Jakob Hjorth

Personal information
- Date of birth: 19 September 1994 (age 30)
- Place of birth: Aalborg, Denmark
- Height: 1.93 m (6 ft 4 in)
- Position(s): Centre-back

Team information
- Current team: Hobro (U19 manager)

Youth career
- Vester Hassing GF
- AaB
- Aalborg Freja

Senior career*
- Years: Team / Apps / (Gls)
- 2012–2014: Lindholm
- 2015–2016: Jammerbugt
- 2016–2021: Vendsyssel / 71 / (5)
- 2021–2022: Hobro / 9 / (0)

Managerial career
- 2022: Hobro (U23 assistant)
- 2022–2024: Hobro (U23 manager)
- 2025–: Hobro (U19 manager)
- 2025: Hobro (interim manager)

= Jakob Hjorth =

Danish footballer (born 1994)

Jakob Hjorth (born 19 September 1994) is a Danish former professional footballer who played as a centre-back.

==Career==
===Early years and Vendsyssel===
Hjorth moved to Jammerbugt FC from Lindholm IF in January 2015, where head coach Bo Zinck described him as "strong, but also technically capable". He quickly developed into a starter for the club, and was signed on a three-year contract by second-tier Danish 1st Division club Vendsyssel FF on 20 June 2016. There, he became part of the team which reached promotion to the top-tier Danish Superliga in the 2017–18 season. He subsequently signed a contract extension keeping him at the club until 2021, after having made 24 league appearances that season.

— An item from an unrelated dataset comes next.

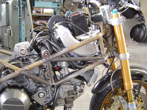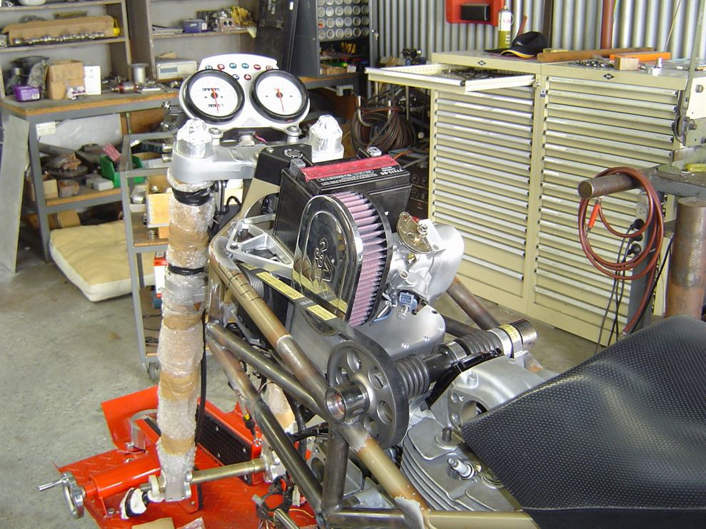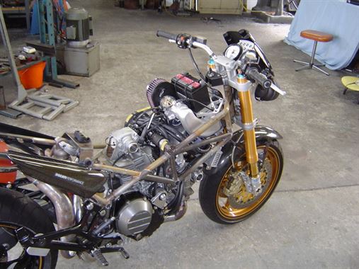 The bike was eventually abandoned by the owner and is still unfinished. It just requires wiring, a small amount of fuel plumbing and tuning.

Hjorth scored in his debut in the Superliga in a 3–2 win over OB. In his third appearance at the highest level, Hjorth suffered a concussion against Nordsjælland, which sidelined him for several months. He made his comeback in March 2019, having also suffered a series of shoulder injuries.

After Vendsyssel relegated after only one season at the highest level, Hjorth started playing more, and headed home the equalising 1–1 goal against Fredericia on 18 October 2020, after an assist by Mikkel Wohlgemuth, who himself had been sidelined by injury for more than a year.

===Hobro===
After Skive-manager Martin Thomsen was appointed manager at Hobro IK, effective from 1 July 2021, Hjorth also joined Hobro on a two-year deal, confirming the deal on 23 June 2021. On 29 May 2022, Hjorth announced his retirement from football at age 27 due to a knee injury.

==Managerial career==
Hjorth was assistant coach for the U23 team in spring 2022 and on 11 July 2022 Hobro IK confirmed, that Hjorth now had been appointed manager of the U-23 team. In December 2024, he was appointed U19 manager at the club.

On 28 July 2025, after the departure of manager Martin Thomsen, Hjorth was appointed caretaker manager of Hobro IK's Danish 1st Division side, together with Emil Antonsen.